No era la primera vez que el sonido del timbre del teléfono le sobresaltaba a media noche (¡gajes del oficio!-pensó-), pero sí que era de los días en que interrumpía uno de sus sueños más bellos…
-¿Carlos Gracia?- preguntó solemne una voz masculina al otro lado del cable y, tras recibir una respuesta afirmativa continuó:
-Soy el abogado de su padre y me temo que tengo que darle malas noticias: hoy mientras desempeñaba sus tareas cotidianas, él ha tenido un accidente cerebral en “la ciudad de los muchachos”. El médico de allí le acompañó en ambulancia al hospital con gran urgencia, pero aún así, al llegar entró en coma y así permanece. Su padre me hizo depositario de sus últimas voluntades entre las que constaba su deseo expreso de que le hiciera entrega de una carta en caso de que al él le sucediera algo grave. ¿Qué le parece si me acerco a su casa mientras usted se viste y la podrá leer de camino al hospital?
Estuvieron de acuerdo en ello y Carlos se apresuró a arreglarse. Paradójicamente, una dulce serenidad parecía envolver todo su ser llegando en ocasiones a convertirse en una oleada de gozo. Quizá eran ecos del bello sueño que aún flotaba en su mente, ése en el que su madre (la jovencísima y bella mujer de la foto ajada que su padre le dio de pequeño y que siempre guardaba en la cartera) parecía tan real…

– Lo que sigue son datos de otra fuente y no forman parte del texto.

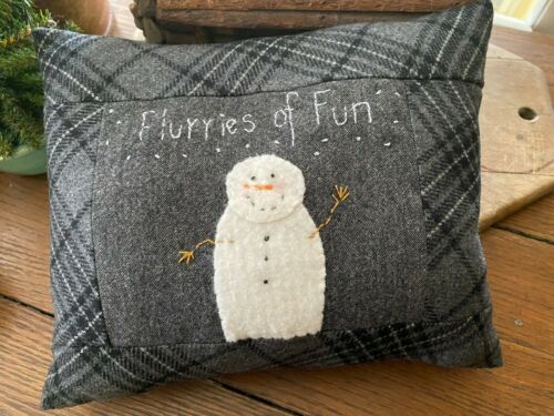 Primitive Stitchery Hand Stitched Christmas Ornie Snowman Flurries of Fun

Ya comenzaba a clarear el día cuando el circunspecto abogado se presentó, le hizo entrega de la carta y le invitó a entrar en su coche:
-Yo mismo le acompañaré si lo desea-
-Gracias-dijo Carlos abriendo cuidadosamente el sobre y colocándose las gafas.
Tenían dos horas de camino por delante, tiempo suficiente para leer despacio esos diez folios escritos con la pulcra y estilizada letra acostumbrada, de ese hombre que le recogió de la calle cuando aún era un bebé y le crió como a un hijo, junto a otros chicos, en “la ciudad de los muchachos”. Pero él siempre se había sentido especial…
“Querido hijo:
No quiero que te angusties en exceso cuando leas esta carta (ya que si la has recibido es que un suceso desagradable ha tenido lugar)…”
-Perdone una pregunta- interrumpió el abogado- ¿qué es eso de “la ciudad de los muchachos”?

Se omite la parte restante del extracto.